Set the pictures aside and return each record below precisely as written.

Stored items
>>>>
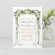 O Cartão de Convite para Casamento Floral Branco Verde de Cana de Casamento Elegante inclui lindas rosas brancas e peões brancos. O arco da copa do casamento da madeira inclui vegetação botânica. Dourado Script.
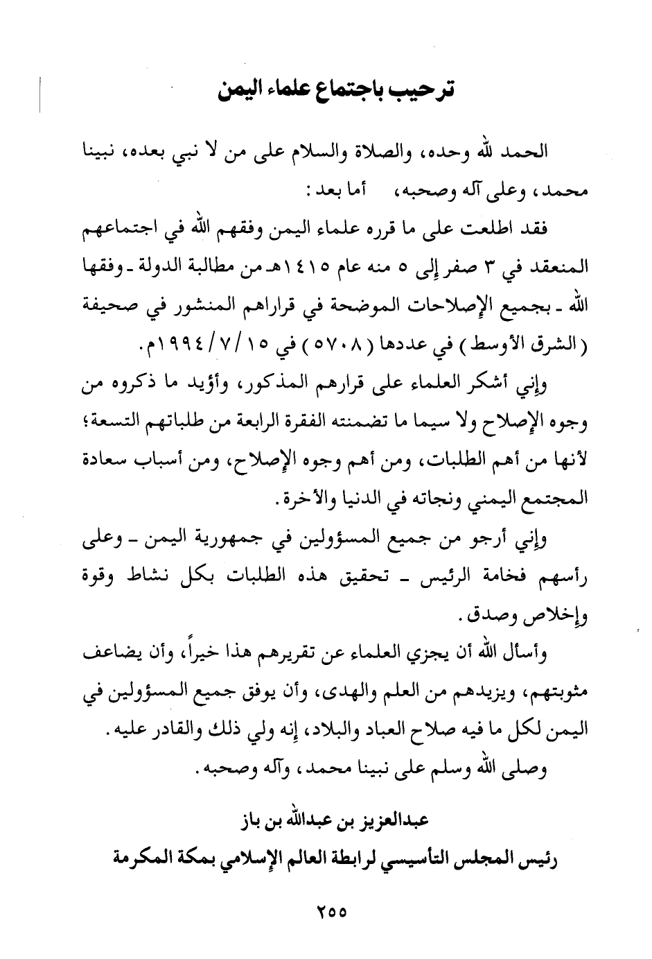فقد اطلعت على ما قرره علماء اليمن وفقهم الله في اجتماعهم المنعقد في 3 صفر إلى 5 منه عام 1415 هـ من مطالبة الدولة - وفقها الله - بجميع الإصلاحات الموضحة في قراراهم المنشور في صحيفة (الشرق الأوسط) في عددها (5708) في 15\7\1994 م.
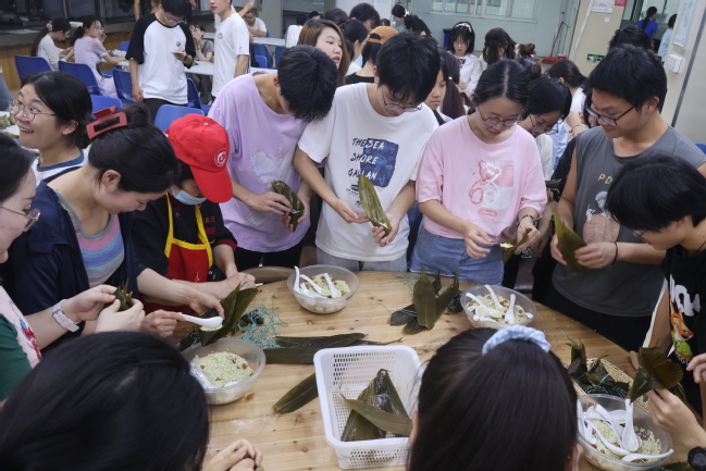 在包粽子区,跟随着餐厅工作人员的示范手法,同学们兴奋又认真地学习包粽子:折粽叶、填糯米、放佐料、裹叶子、扎线……一道道工序有条不紊。不一会儿,桌面上就呈现出一个个棱角分明的粽子。在包饺子区,来自天南地北的同学大展身手、互相切磋饺子的不同包法,一个个形态各异的饺子在同学们的巧手中诞生,整齐码放在盘子上。待热腾腾的粽子、饺子上桌后,“品鉴官”们迫不及待地品尝这节日的味道。
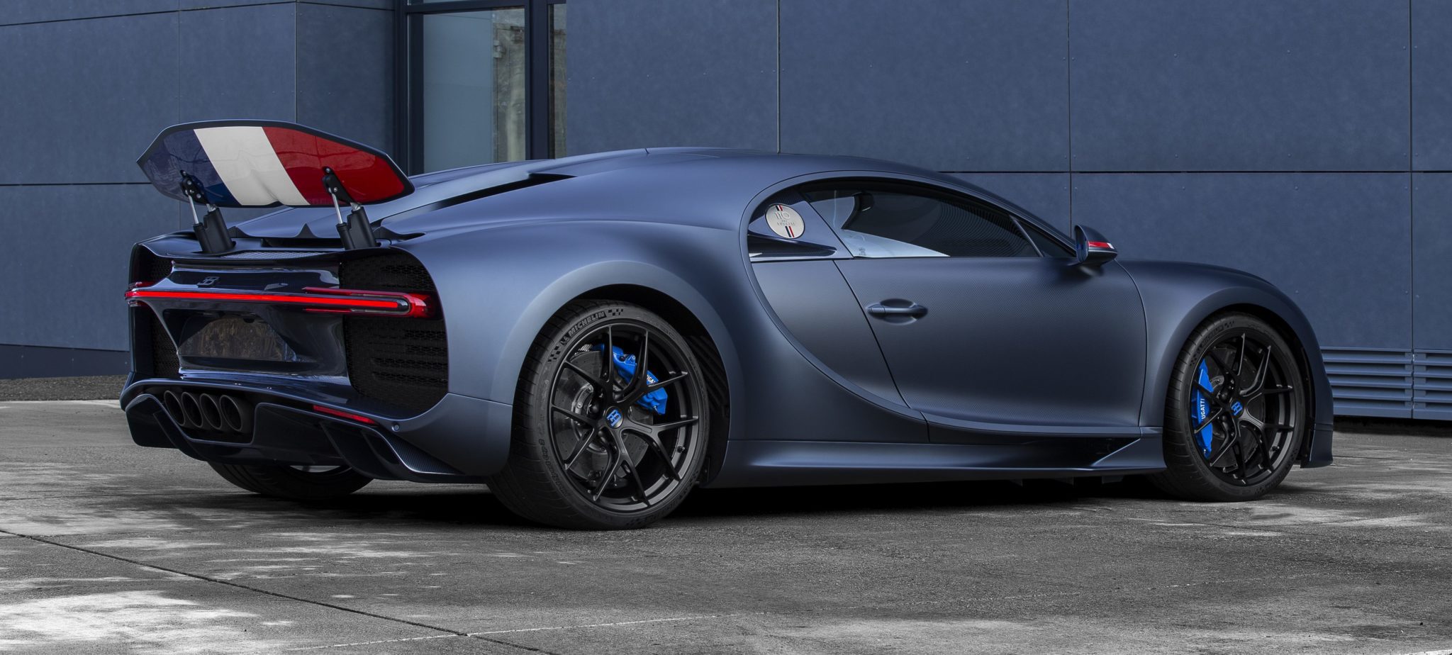 La parte trasera está dominada por el difusor y el parachoques en acero brillante azul carbón con el sistema de escape de color negro mate contrastante. La parte inferior del alerón trasero cuenta con la bandera francesa en todo su ancho. El mecanismo del alerón trasero está anodizado en negro mate para armonizar con el logotipo Ettore Bugatti negro mate en el centro de la parte trasera, las ruedas negro mate y el sistema de escape deportivo a juego. El techo Sky View, que consta de dos paneles de vidrio fijos sobre los asientos del conductor y del pasajero, disponibles como opción en el Chiron, es una característica estándar de la edición especial. Estos paneles tienen una estructura laminada recientemente desarrollada con vidrio delgado y cuatro capas intermedias.
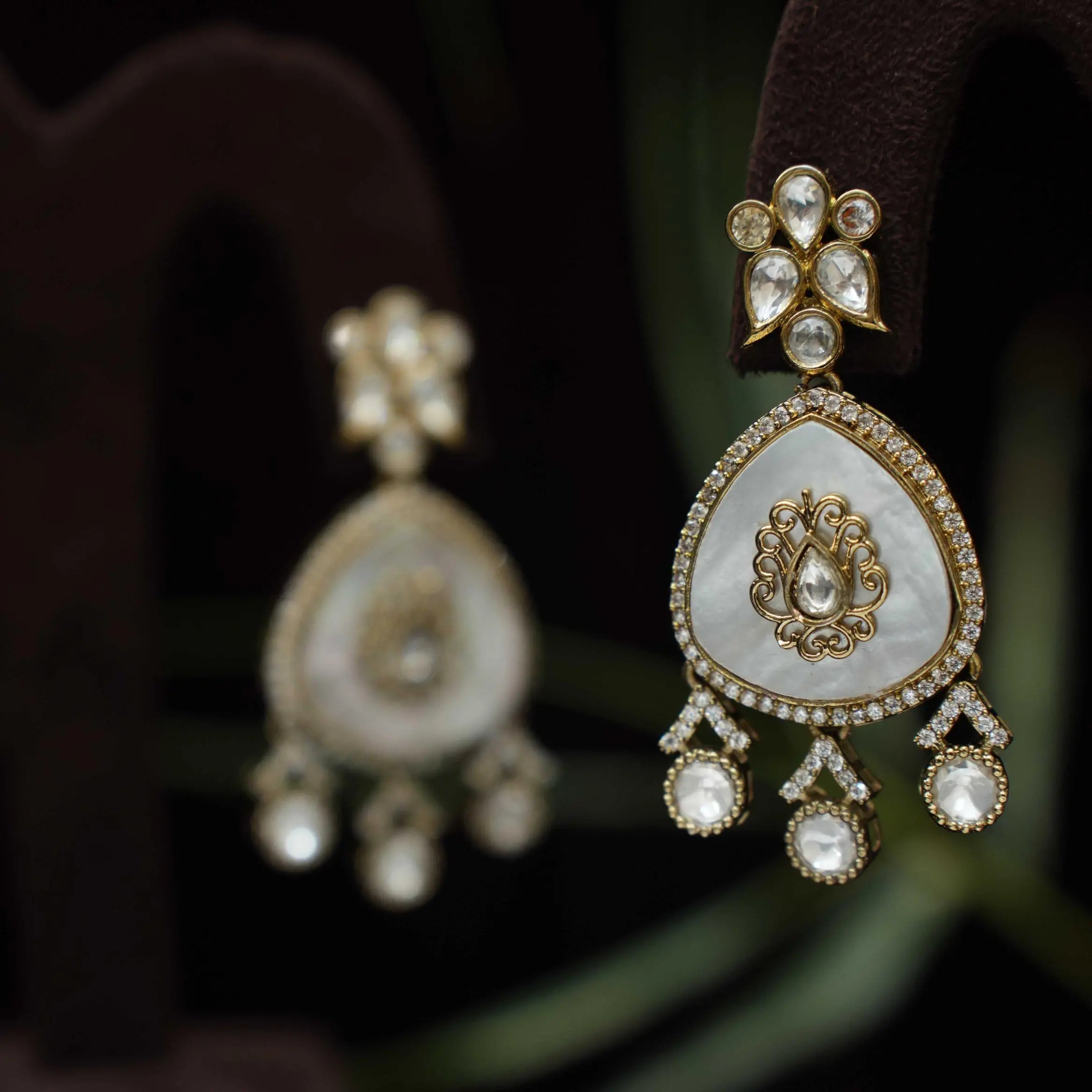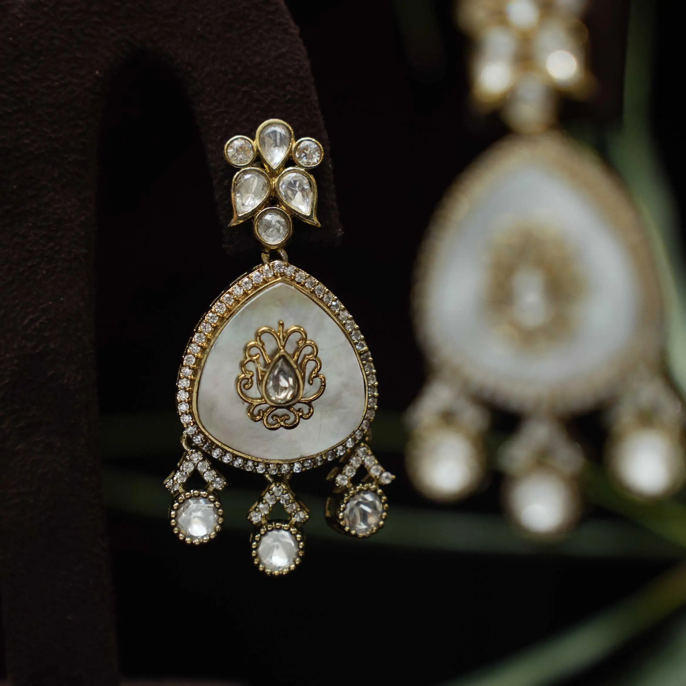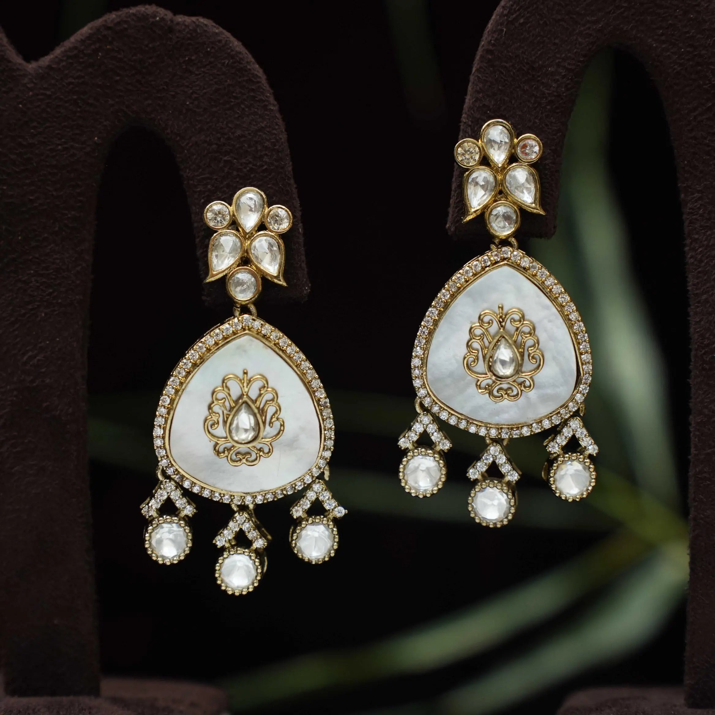 A beautiful designer earrings studded with Victorian Polki stones adorn with agate.
<<<<
> [Answer to the problem]:
 O Cartão de Convite para Casamento Floral Branco Verde de Cana de Casamento Elegante inclui lindas rosas brancas e peões brancos. O arco da copa do casamento da madeira inclui vegetação botânica. Dourado Script.
فقد اطلعت على ما قرره علماء اليمن وفقهم الله في اجتماعهم المنعقد في 3 صفر إلى 5 منه عام 1415 هـ من مطالبة الدولة - وفقها الله - بجميع الإصلاحات الموضحة في قراراهم المنشور في صحيفة (الشرق الأوسط) في عددها (5708) في 15\7\1994 م.
 在包粽子区,跟随着餐厅工作人员的示范手法,同学们兴奋又认真地学习包粽子:折粽叶、填糯米、放佐料、裹叶子、扎线……一道道工序有条不紊。不一会儿,桌面上就呈现出一个个棱角分明的粽子。在包饺子区,来自天南地北的同学大展身手、互相切磋饺子的不同包法,一个个形态各异的饺子在同学们的巧手中诞生,整齐码放在盘子上。待热腾腾的粽子、饺子上桌后,“品鉴官”们迫不及待地品尝这节日的味道。
 La parte trasera está dominada por el difusor y el parachoques en acero brillante azul carbón con el sistema de escape de color negro mate contrastante. La parte inferior del alerón trasero cuenta con la bandera francesa en todo su ancho. El mecanismo del alerón trasero está anodizado en negro mate para armonizar con el logotipo Ettore Bugatti negro mate en el centro de la parte trasera, las ruedas negro mate y el sistema de escape deportivo a juego. El techo Sky View, que consta de dos paneles de vidrio fijos sobre los asientos del conductor y del pasajero, disponibles como opción en el Chiron, es una característica estándar de la edición especial. Estos paneles tienen una estructura laminada recientemente desarrollada con vidrio delgado y cuatro capas intermedias.
 A beautiful designer earrings studded with Victorian Polki stones adorn with agate.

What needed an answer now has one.